Understand that SRAM = static RAM, not Synchronous Dynamic RAM —
big difference. SRAM is the logic used in cache memory, not main
memory like SDRAM/RDRAM. While the burst write performance of SDRAM is
similar in performance to SRAM, the random access, let alone any read
operation, performance is almost an order of magnitude faster with
SRAM. The key is latency. SDRAM is still DRAM. While it has a
sub-10ns, synchronous burst write timing, it is still a 50ns+ (typically
70ns+) memory technology for initial access, such as when reading.

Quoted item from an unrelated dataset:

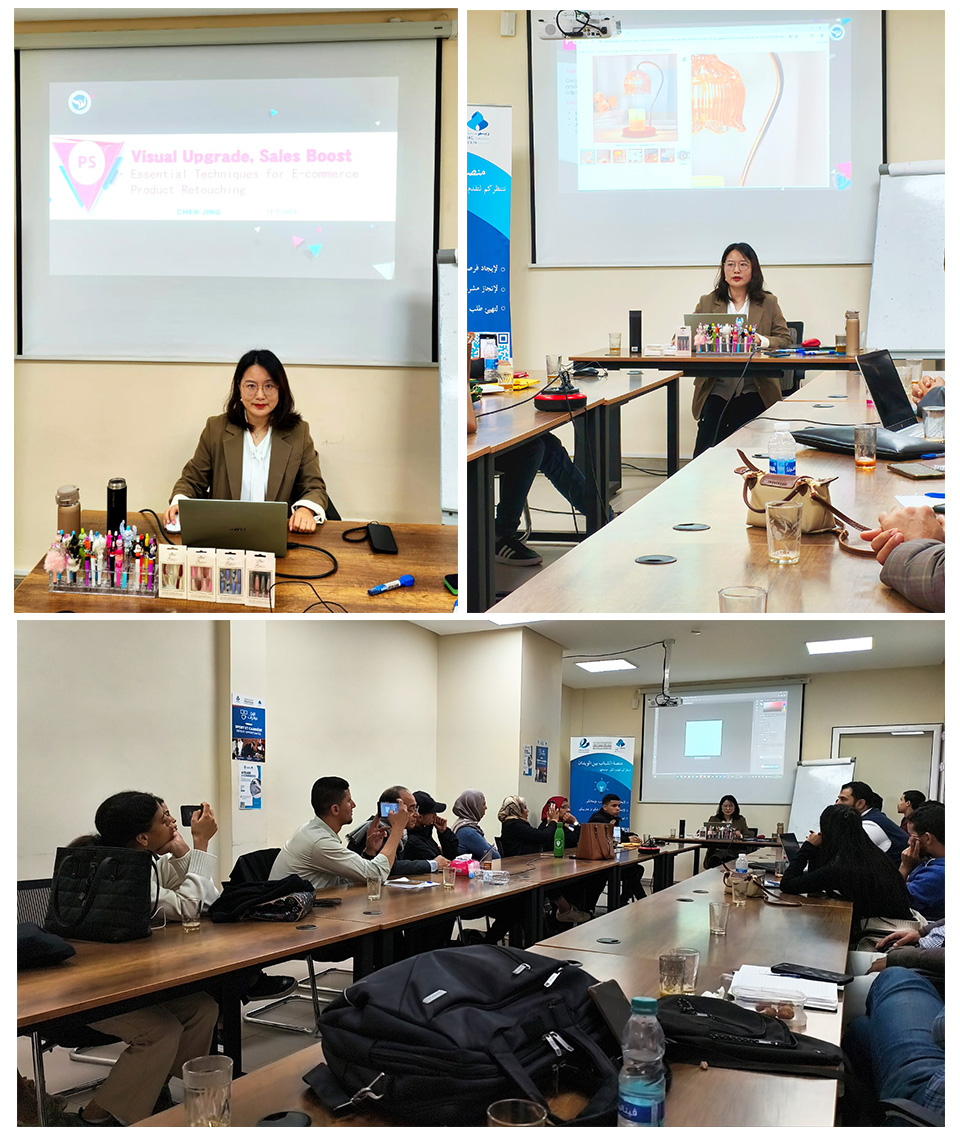 第二场讲座由陈静老师主讲,主题为“Visual Upgrade, Sales Boost——Essential Techniques for E-commerce Product Retouching”(视觉升级,销售提升——电商产品修图必备技巧)。陈老师首先强调了视觉呈现在电子商务中的重要性,并用丰富的案例和图像展示了优质图片如何吸引消费者并提高产品转化率。接着,她详细讲解了电商产品修图的核心技巧,并结合实例图片,指导学员如何提升产品的市场吸引力。讲座的最后部分是实际操作演示,陈老师分析了产品图像修复的常见问题,并现场展示了使用Photoshop进行图像修复的步骤与技巧。学员们积极参与讨论,对陈老师的实用技能表示高度赞赏。

That’s why SRAM is used in cache logic, to overcome the huge latency
hits when the CPU has to read from DRAM main memory. I won’t go into
the electrical and design differences between SRAM and DRAM, just know a
SRAM cell is much bigger than a DRAM cell (hence why you get a lot less
for even more money).This is also why the 3Ware cards use an ASIC (application specific
integrated circuit) instead of a microcontroller (i960, StrongARM,
etc…) like the Adaptec 2400A, Promise SuperTrak series and most SCSI
RAID cards. We’re not using buffered DRAM, but 0 latency SRAM that
cannot be impeded by overhead and buffering. So it is often directly
I/O mapped memory for transfers, which the 64-bit ASIC provides without
delay. Using a microcontroller would negate the performance benefits of
SRAM, since it cannot act like a simple bus arbitrator like an ASIC
can. And to make matters worse for competing ATA solutions, the Adaptec
2400A and Promise SuperTrak use very slow i960 microcontrollers (at
least versus faster i960 and, even more so, StrongARM chips on typical SCSI RAID
cards) — especially the SuperTrak. So their microcontrollers are the
bottlenecks compared to even the 133MBps 32-bit/33MHz PCI bus
(SuperTraks seem to be “stuck” at ~40MBps).The trade-off of the design is, of course, that the 3Ware cannot buffer
as many RAID-5 XOR operations because of the vastly smaller amount of
total RAM. So it’s quite likely to stall with a significant number of
random RAID writes. Many argue, including myself, that most OSes flush
their disk buffers/cache so writes are as linear and contiguous as they
can be anyway. So it is debatable how much “worse” 3Ware cards are for
RAID-5 volumes. It might have been an issue with older models that only
had 1MB cache, but 2MB in the 7×50 and 7500-4/8 and, assuming I’m
correct, 4MB in the 7500-12, should be enough to cover the majority of
applications that incur a massive number of RAID-5 writes. - More on “True hardware” ATA RAID v. “BIOS-only” ATA RAID
For more on the differences between ATA RAID options, please see my
“draft article” (I never finished finalizing it, so ignore the grammar issues) here entited “Dissecting ATA RAID Options” [Article]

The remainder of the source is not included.